Ничего не ответив, Вера проследовала мимо и закрыла за собой дверь. Она садится тут же на бархатный пуфик. Ей даже немного страшно. Либо Глотов действительно влиятельная личность российского масштаба, либо их обоих не за тех принимают. Коридорчик — небольшой, но широкий. Над пуфиком висит круглое зеркало в резной раме. По бокам — два маленьких хрустальных бра. Напротив, в ванную, ведет тяжелая деревянная дверь. Вера осторожно заглядывает туда. Щелкает выключателем. Вспыхивают сразу несколько светильников. Один, матовый, — над зеркалом, занимающим всю ширину комнаты, другой — над салатовой ванной и третий — над биде. Темно-зеленая плитка на стенах и на полу придают этому заведению таинственно-сексуальную атмосферу. На стеклянной полке под зеркалом стоят различные шампуни, туалетная вода, паста, зубные щетки, запечатанные в целлофан. Вере неудобно, словно вошла без спроса в чужой номер. Смеется над собой. «Вот тебе и провинция! Хоть бы денек так пожить в столице». И уже без всякого смущения проходит в комнату. Она большая, метров тридцать. Светлые стены в золотой цветочек, люстра с многочисленными хрустальными подвесками, финские велюровые коричневые диван и два кресла. Между ними — длинный низкий столик со столешницей из темного стекла. У окна — прекрасный письменный стол с фирменными письменными принадлежностями. Вера берет черный фломастер и пишет на белом глянцевом листе — «Здорово!» В углу — небольшой телевизор «Фунай», дальше — невысокий бар, уставленный бутылками с яркими этикетками. И высокая, с красивыми инкрустированными спинками постель, застеленная белым шелковым покрывалом. От восторга Вера падает на него в своем синем китайском пуховике. Рядом на тумбочке звонит телефон. Вера зачем-то включает настольную лампу с белым шарообразным абажуром и поднимает трубку. Недовольным голосом Глотов сообщает, что через час за ними приедет машина и повезут их на фабрику, где во время обеденного перерыва придется говорить об экологии. Поэтому необходимо подготовиться по этому вопросу. Сам Глотов сделает ряд политических заявлений и расскажет о работе возглавляемого им фонда. Вера кладет трубку. Ничего, кроме ванны, сейчас ее не интересует.
Побыстрее погрузиться в пену и смыть с себя мерзкие запахи купейного вагона.
Глотов ждет ее в холле. Он недоволен роскошью апартаментов и согласится платить — только по перечислению.
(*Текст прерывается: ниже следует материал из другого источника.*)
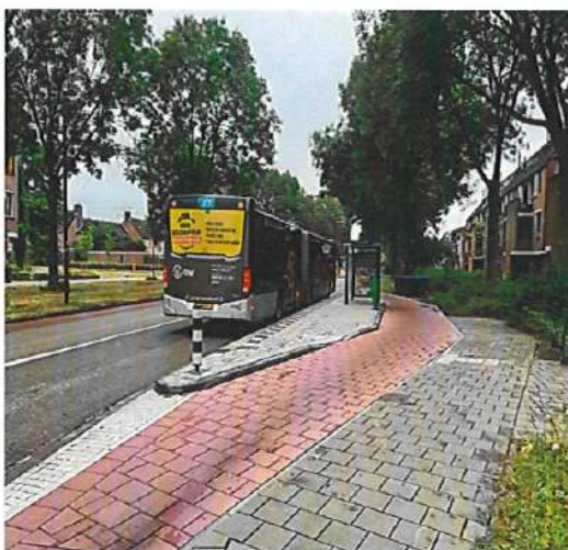
Voorbeeld eindsituatie Bushalte

In 2021 is het Mobiliteitsprogramma Nieuwegein 2021 – 2030 door de gemeenteraad vastgesteld. Eén van de maatregelen die hierin opgenomen zijn is het halteren van de bus op de rijbaan. Hierdoor wordt het veiliger voor de fietsers, men hoeft de bus niet meer te passeren en op de bus te wachten. Verder bespaart het tijd voor de bussen.

Появляется Вера. Благоухает ароматами, улыбается, трясет не собранными, как обычно, в пучок шелковистыми каштановыми волосами. Ее огромные очки излучают радость. Она женственно подает Глотову руку.
— Надеюсь, успели подготовиться? — сухо спрашивает тот.
«Дурак, неужели не видит?» — думает весело и зло Вера и утвердительно кивает головой.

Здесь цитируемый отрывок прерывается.